Researchers from Microsoft, the University of California, Irvine and Brown University have proposed a technology that should make it harder to derive value from data stored in the cloud. In a paper titled The Melbourne Shuffle: Improving Oblivious Storage in the Cloud, authors Olga Ohrimenko, Michael T. Goodrich, Roberto …
I get the feeling that MS are actually seriously about user privacy if for no other reason than that they know damn well it's a huge USP and also a massive differential from Google who exist because they mine your data.
So I'm not going to sneer at this. They almost certainly mean it.
However, it's still a half measure. There's only one way to restore confidence in the security and privacy of user data on MS's cloud and that, Satya Nadella, is to do the unthinkable and move Microsoft out of the USA.
I know, that's a serious wtf statement, isn't it?
But while MS can be compelled by US law to tell the US government absolutely everything they have on you and even compelled to collect statistics where they would rather (for sales reasons) not, they are at a competitive disadvantage.
So where can they go? Somewhere small. Small enough to be the country's major revenue earner and thus influence legislation away from intrusive.
Nepal might work.
Re: Half measures.
> Nepal might work.
I was considering this statement and realized that actually, Iceland would work much better. And they can have carbon-neutral data centres.

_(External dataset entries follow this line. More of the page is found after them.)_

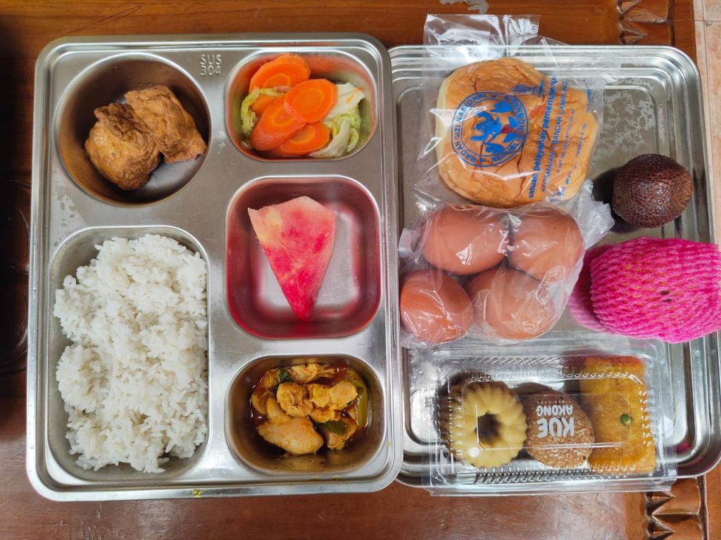 Menu makanan yang dibagikan telah disesuaikan dengan standar gizi seimbang, terdiri dari nasi, tumis ayam suwir, tahu, serta tumis sayuran berupa wortel dan sawi. Selain itu, setiap paket juga dilengkapi dengan telur, roti, risol, kue basah, serta buah-buahan seperti apel, semangka, dan salak. Khusus bagi ibu hamil dan ibu menyusui, porsi makanan yang diberikan lebih banyak dibandingkan dengan porsi balita untuk memenuhi kebutuhan gizi harian yang lebih tinggi. Keterlibatan mahasiswa KKN Universitas Lampung dalam kegiatan ini bertujuan untuk membantu kelancaran proses distribusi makanan bergizi gratis.
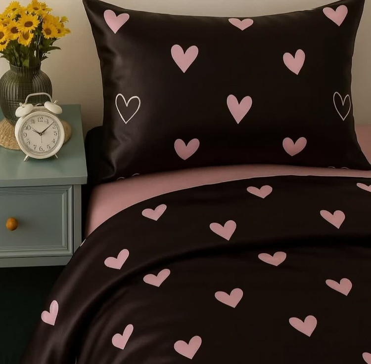 روتختی یک رو چاپی پینترستی (جنس نخ میکروتنسل) رنگ مشکی طرح قلب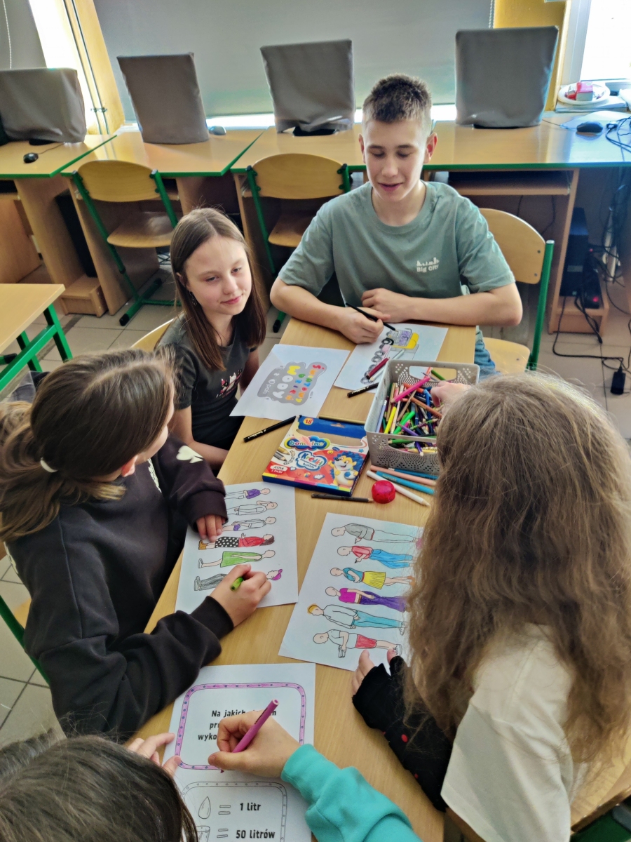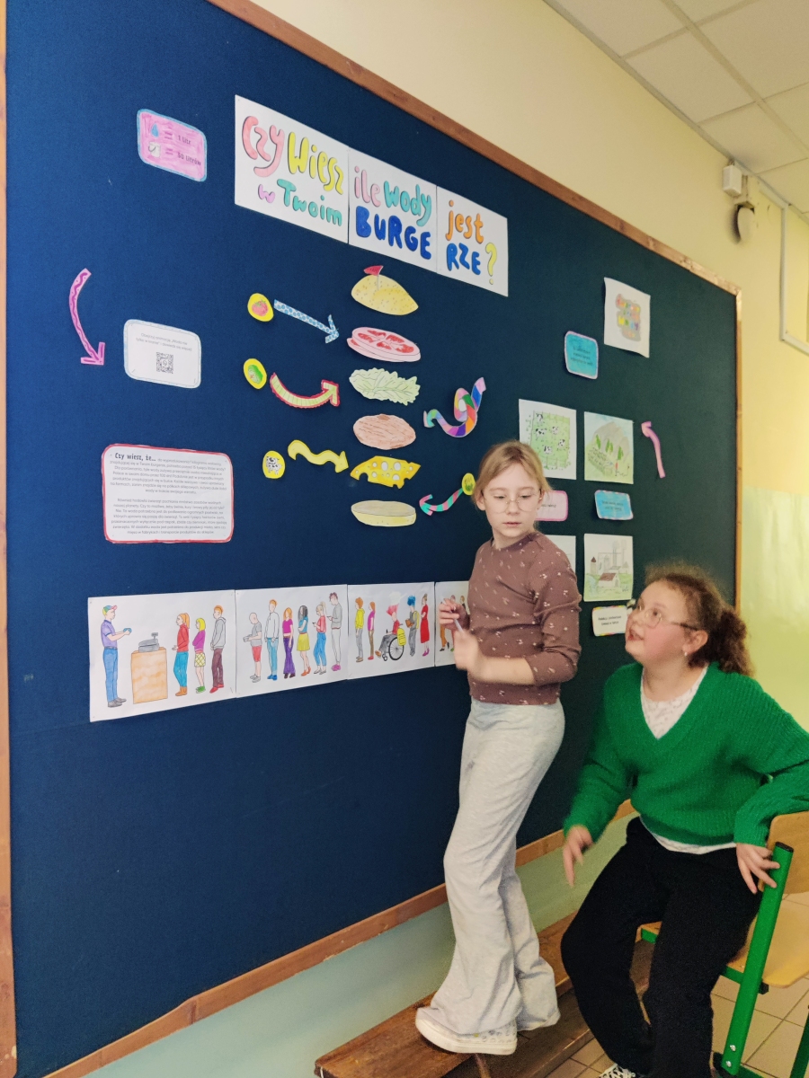 W naszej szkole obchodziliśmy ten dzień wraz z Polską Akcją Humanitarną. Podczas zajęć wykorzystaliśmy scenariusze dotyczące „wirtualnej wody”, przygotowane przez PAH. Uczniowie klas IV–VII stworzyli gazetkę szkolną, z której dowiedzieli się, ile wody pochłania produkcja burgera. Już wiemy, że „wirtualna woda” to woda zużyta do produkcji wszystkich rzeczy, takich jak jedzenie, ubrania itp.

@dogged -- Re: Half measures.
Iceland of course, they've the right attitude too.
It beats me why people use cloud storage at all. Honestly, for 90+% of all computer users, I just can't see any sensible reason for it. On a phone (or equivalently storage-crippled other device), OK, but on a real computer? Why would you want to do that?
It's basically outsourcing your backup. Not in itself a terrible idea.

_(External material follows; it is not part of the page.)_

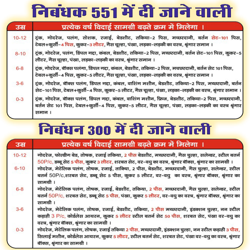 कन्या विवाह एवं विकास समाज के द्वारा कन्याओं को दिए जाने अनुदान (दहेज)।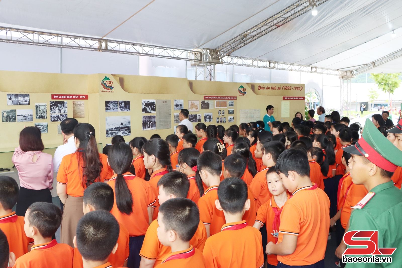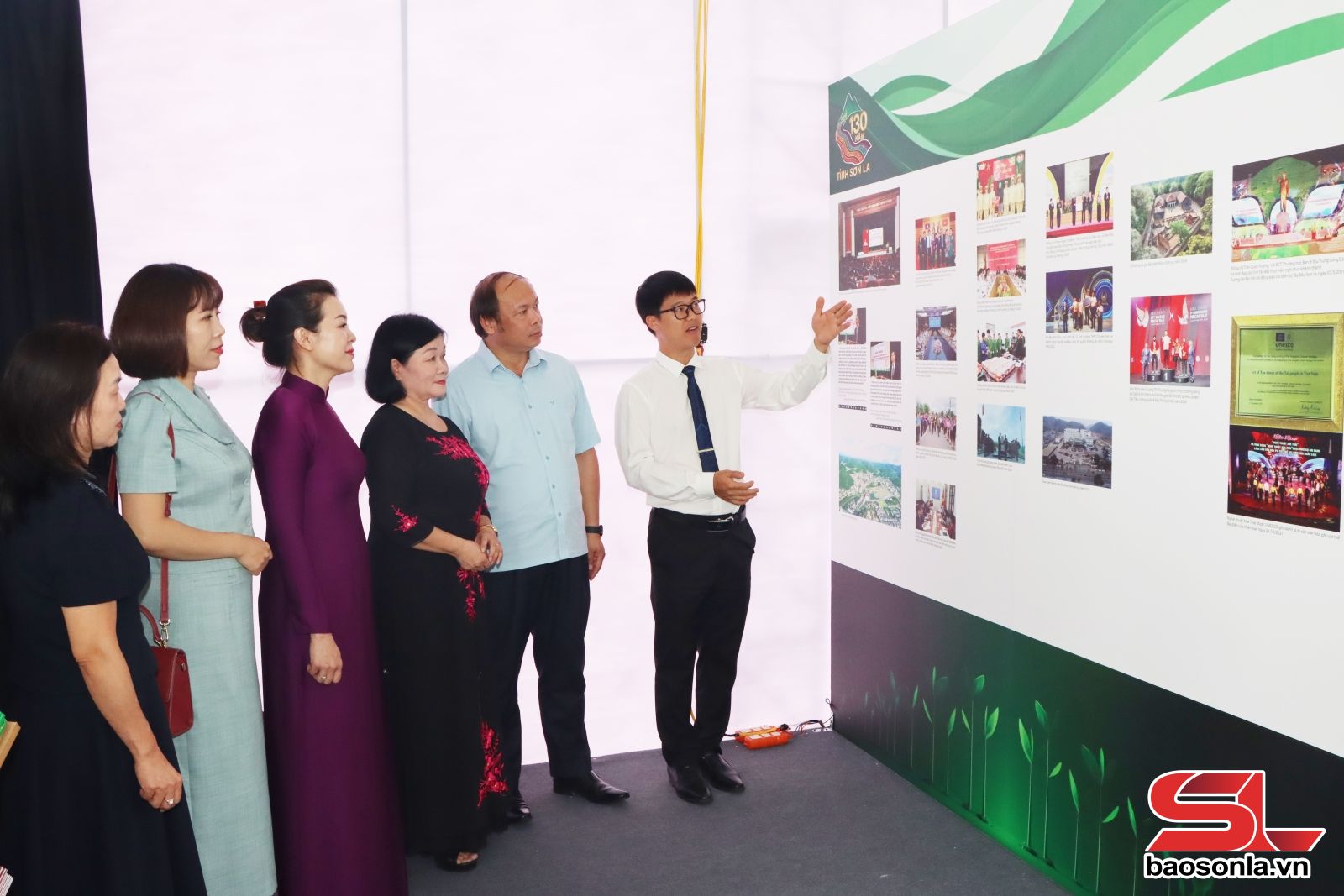 Triển lãm ảnh gồm 150 tư liệu, ảnh; 20 hiện vật được trưng bày gồm 2 phần, phần I: Dấu ấn lịch sử (từ năm 1895 - 1986) và phần II: Sơn La - Khát vọng phát triển (1986 - nay). Triển lãm sách với chủ đề “Sơn La - Miền đất huyền thoại”, giới thiệu hơn 100 đầu sách, với 3 phần: Dấu ấn lịch sử; sắc màu văn hóa và khát vọng phát triển đã tái hiện lại dấu ấn lịch sử quan trọng trong sự nghiệp hình thành, xây dựng và phát triển tỉnh Sơn La từ khi thành lập đến nay. Đồng thời, khẳng định, tôn vinh những công lao to lớn của các thế hệ cán bộ, đảng viên và nhân dân các dân tộc trong quá xây dựng và phát triển của tỉnh Sơn La.

The obvious, non-storage-capacity related benefit is that I can access my CV or OneNote thingys like WiFi codes etc. when I am not at home rather than leaving my laptop on 24/7 and using remote access (remote access is unavailable to many, many people because of their OS, routers, knowledge etc.)
Other benefits exist like near-total automated recovery after failure/replacement of phone/tablet and zero (monetary) cost.

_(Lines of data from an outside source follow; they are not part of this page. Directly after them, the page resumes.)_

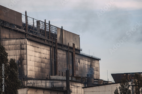 Working old factory during production. Emissions of harmful substances into the atmosphere pollution.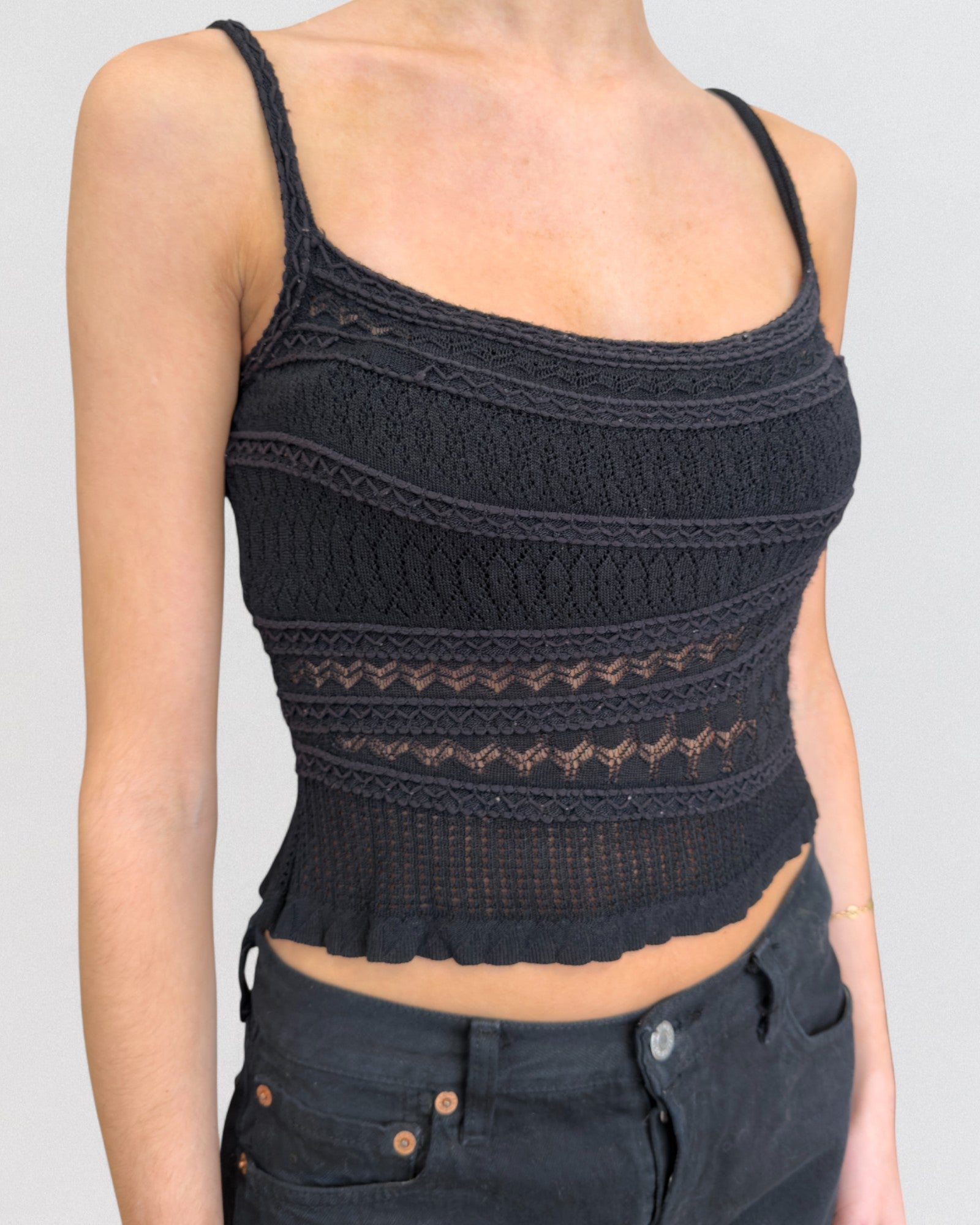 Fitted black knit tank top from Christian Dior by John Galliano Fall 2000. Features fine openwork knit detailing throughout with alternating lace and ribbed patterns. Designed with thin straps, a square neckline, and a scalloped hem. Slightly cropped cut.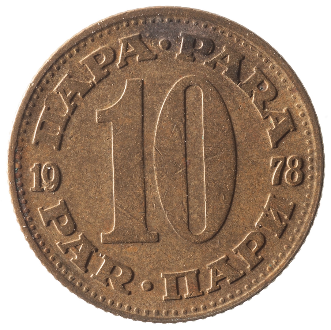 U sredini broj 10 (nominala), a oko njega tekst PARA na četiri jezika. U sredini uz lijevi i desni rub upisana godina 1978.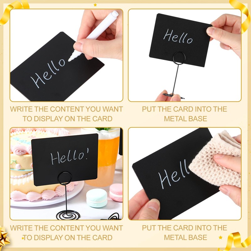 - Easy Usage: the mini chalkboard sign providing a smooth writing surface; You can easily wipe them clean when you need other messages or labels; The metal ring at the top of the wire table stand can easily hold the card, while its wide base ensures it remains stable

Apart from that, no benefit at all.
They can look at my data if they want, as long as they don't delete it.
If they do, my laptop has the same image locally, automatically in sync, appearing as part of the file system - brilliant.
Microsoft Research co-develops cloud data scrambler -
Calls it 'Azure'.
It is interesting that Apple, Google et al, can store all their profits offshore out of reach of the US government with no apparent difficulty, but not the customers data.
BTW there is absolutely no truth at all in the rumour that googles new oceanic fibre is actually a Lamson tube for smuggling bitcoins.
Only way to be sure...
...of security/privacy is not to let your data out of your own hands. Even encryption isn't necessarily a guarantee that your data won't be visible to someone, somewhere as a result of spying and malicious back doors. I can't even be sure that a personal cloud server on my own internet connection isn't susceptible to hacking.
Of course, it's all a matter of degrees. There will be some data that isn't sensitive and it doesn't really matter who sees it, but there will be other times when the data is in need of care about where it goes. I might be willing to put a music file or two on a cloud share, but not a CV (too much risk of identity theft). I might be willing to put game saves in the cloud, but not my medical records.
Really not that complicated
You'll need your scientific calculator and rather advanced mathematical knowledge to make sense of the next few of the paper's pages.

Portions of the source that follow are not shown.